En un quiosco de la plaza se anunciaban las llegadas y salidas de barcos, paquebotes y diligencias. En un panel había un folleto que informaba de que, por dos chelines, un tal H. Gaine vendía información sobre los actos del congreso continental.
Tonneman apartó la mirada. Él era médico y por consiguiente la política de las colonias no le concernía.
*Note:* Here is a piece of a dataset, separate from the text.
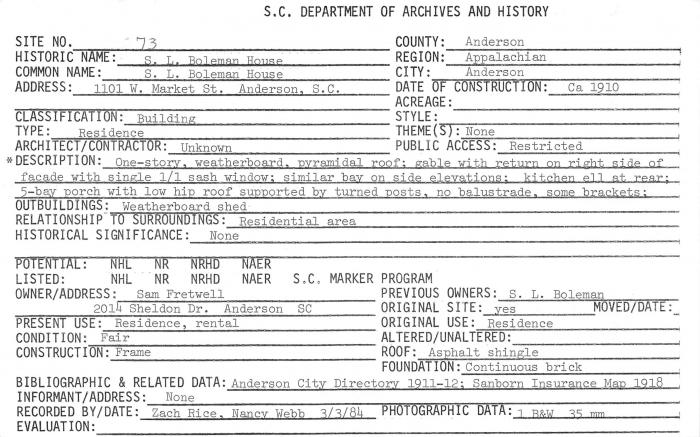 Anderson City Directory 1911-12; Sanborn Insurance Man 1918;None

– ¿Es usted el señor Tonneman? -preguntó un chico negro de unos nueve años, vestido con unos calzones de satén escarlata, una capa negra y una peluca blanca.
– ¿Qué quieres, chico?
– Mi señora -dijo señalando con un gesto muy cortesano un carruaje pequeño y elegante estacionado al otro lado de la plaza-, desea hablar con usted.
El muchacho hizo una reverencia; más que una persona, pareció una marioneta. De hecho, no era una persona, sino un esclavo o, a lo sumo, un criado cuya comida anual probablemente costaba menos que el vestido escarlata que llevaba.
Tonneman entornó los ojos para protegerlos del sol. En la portezuela del carruaje distinguió un escudo de familia: unas espadas cruzadas, una corona en el centro y un halcón en la parte superior. El chico ya había iniciado el camino de vuelta al vehículo. Los soldados con uniforme rojo se mezclaban con los civiles. En la ciudad se respiraba una calma tensa, existía una especie de corriente subterránea que Tonneman empezaba a percibir. Se dijo que quizá había vivido demasiado tiempo en Londres.